— Problem —
Print every entry below exactly, leaving out the pictures.

— Data items —
◇ ◇ ◇

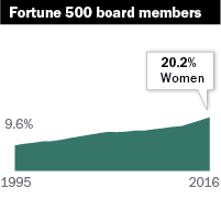 The share of women sitting on the boards of Fortune 500 companies has more than doubled, from 9.6% in 1995 to 20.2% in 2016.
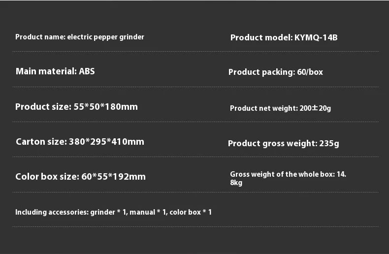 SKU:191288010:-1#Led light electric pepper grinder(color box packing);210190051:190093415#70 ml
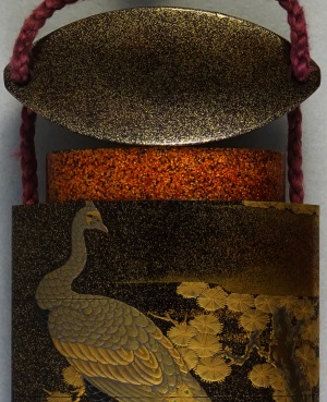 高蒔絵で唐松に孔雀を表しています。
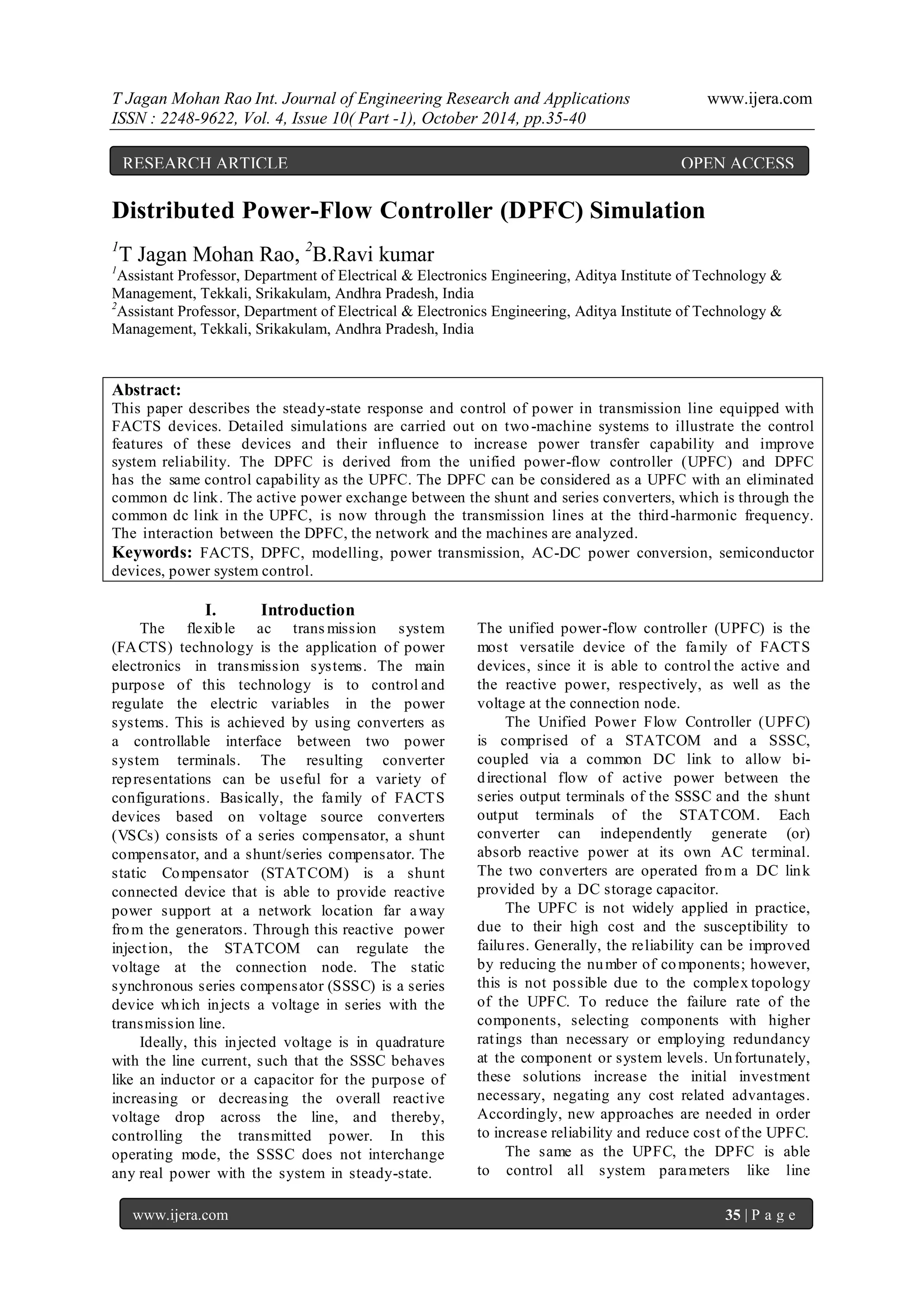 - DPFC is derived from Unified Power Flow Controller (UPFC) but eliminates the common DC link between shunt and series converters. Active power is exchanged through the transmission line using third-harmonic frequency components.
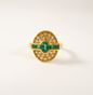 Bague en or 750 mil à chaton ovale pavé de diamants taille brillant, centré d’émeraudes, ovale et calibrées. (TDD : 53). 3,9 g. brut
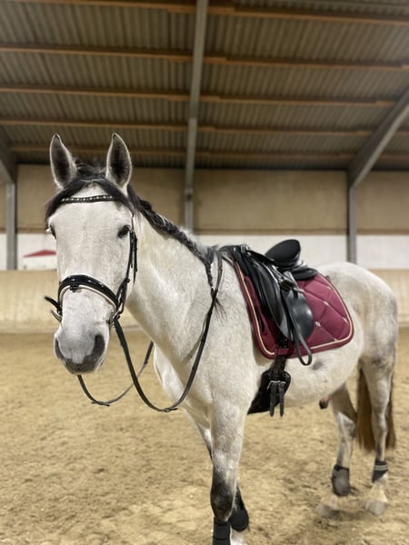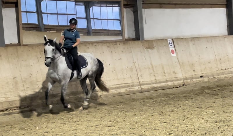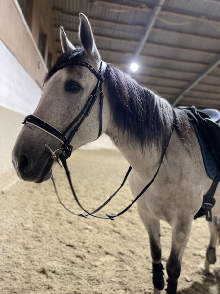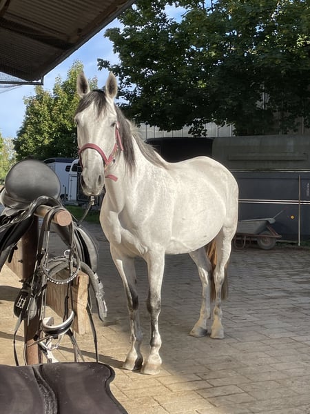 Salinero ist ein super lieber und ehrlicher Wallach, der mit seiner besonderen Farbe und seiner tollen Ausstrahlung sofort ins Auge fällt. Er überzeugt durch eine hervorragende Arbeitseinstellung, Motivation und mit viel Herz. Unter dem Sattel zeigt er sich stets bemüht, alles richtig zu machen. Er ist sehr fein zu reiten, dabei immer brav, benötigt aber einen sicheren und gefühlvollen Reiter. Er ist definitiv ein toller Partner zum losreiten und Spaß haben. Salinero ist super geländesicher, kennt Hunde, Fahrradfahrer etc. - Schimmel mit dunklem Behang - ein absoluter Hingucker - keine Unarten - Herdenverträglich (eher rangniedrig) - regelmäßig entwurmt & Zähne gemacht - Impfungen aktuell (Influenza, Tetanus, Herpes) - Keine schlechten Erfahrungen, ich bin die 1. Besitzerin nach dem Züchter - komplettes Zubehör wird gerne mitgegeben Der Preis ist verhandelbar (Platz vor Preis) Ich gebe ihn nur aufgrund meiner persönlichen Lebenssituation und schwersten Herzens ab. Mir ist wichtig, dass er ein gutes Zuhause bekommt. Er ist definitiv ein Traumpferd und ein absoluter Geheimtipp. Kontaktaufnahme am besten per WhatsApp oder SMS
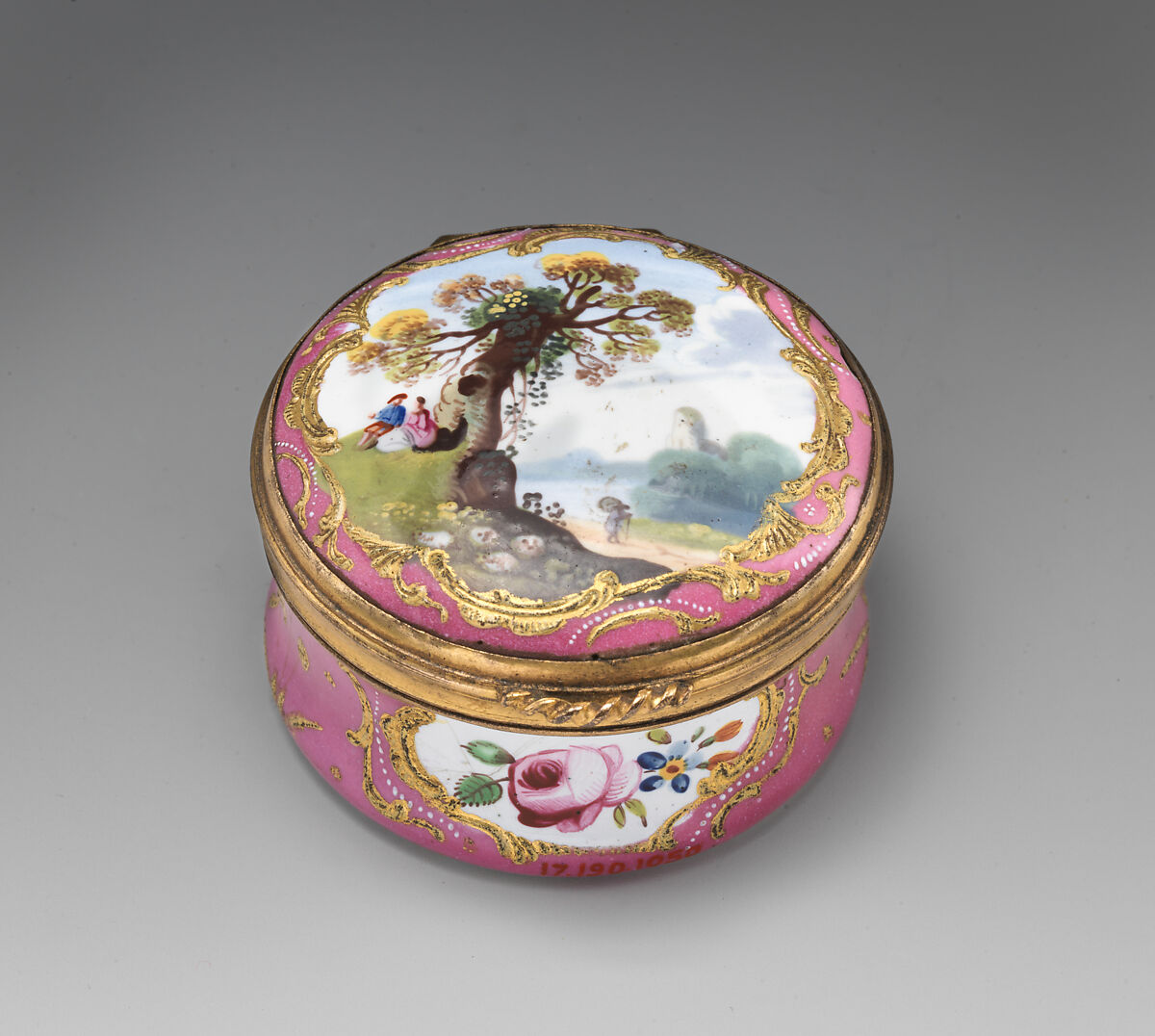 Enameled objects like this one, intended to imitate the lustrous quality of porcelain, were among the more affordable goods sold at toyshops across London and in fashionable English resort towns. Though often called "Battersea enamels" in common parlance (referring to the manufactory at York House, Battersea, operating only between 1753 and 1756), we rarely know exactly where individual pieces were made. The main centers of enamel production were in London, South Staffordshire (particularly in Bilston and Wednesbury), and Birmingham.

◇ ◇ ◇

— Output —
 The share of women sitting on the boards of Fortune 500 companies has more than doubled, from 9.6% in 1995 to 20.2% in 2016.
 SKU:191288010:-1#Led light electric pepper grinder(color box packing);210190051:190093415#70 ml
 高蒔絵で唐松に孔雀を表しています。
 - DPFC is derived from Unified Power Flow Controller (UPFC) but eliminates the common DC link between shunt and series converters. Active power is exchanged through the transmission line using third-harmonic frequency components.
 Bague en or 750 mil à chaton ovale pavé de diamants taille brillant, centré d’émeraudes, ovale et calibrées. (TDD : 53). 3,9 g. brut
 Salinero ist ein super lieber und ehrlicher Wallach, der mit seiner besonderen Farbe und seiner tollen Ausstrahlung sofort ins Auge fällt. Er überzeugt durch eine hervorragende Arbeitseinstellung, Motivation und mit viel Herz. Unter dem Sattel zeigt er sich stets bemüht, alles richtig zu machen. Er ist sehr fein zu reiten, dabei immer brav, benötigt aber einen sicheren und gefühlvollen Reiter. Er ist definitiv ein toller Partner zum losreiten und Spaß haben. Salinero ist super geländesicher, kennt Hunde, Fahrradfahrer etc. - Schimmel mit dunklem Behang - ein absoluter Hingucker - keine Unarten - Herdenverträglich (eher rangniedrig) - regelmäßig entwurmt & Zähne gemacht - Impfungen aktuell (Influenza, Tetanus, Herpes) - Keine schlechten Erfahrungen, ich bin die 1. Besitzerin nach dem Züchter - komplettes Zubehör wird gerne mitgegeben Der Preis ist verhandelbar (Platz vor Preis) Ich gebe ihn nur aufgrund meiner persönlichen Lebenssituation und schwersten Herzens ab. Mir ist wichtig, dass er ein gutes Zuhause bekommt. Er ist definitiv ein Traumpferd und ein absoluter Geheimtipp. Kontaktaufnahme am besten per WhatsApp oder SMS
 Enameled objects like this one, intended to imitate the lustrous quality of porcelain, were among the more affordable goods sold at toyshops across London and in fashionable English resort towns. Though often called "Battersea enamels" in common parlance (referring to the manufactory at York House, Battersea, operating only between 1753 and 1756), we rarely know exactly where individual pieces were made. The main centers of enamel production were in London, South Staffordshire (particularly in Bilston and Wednesbury), and Birmingham.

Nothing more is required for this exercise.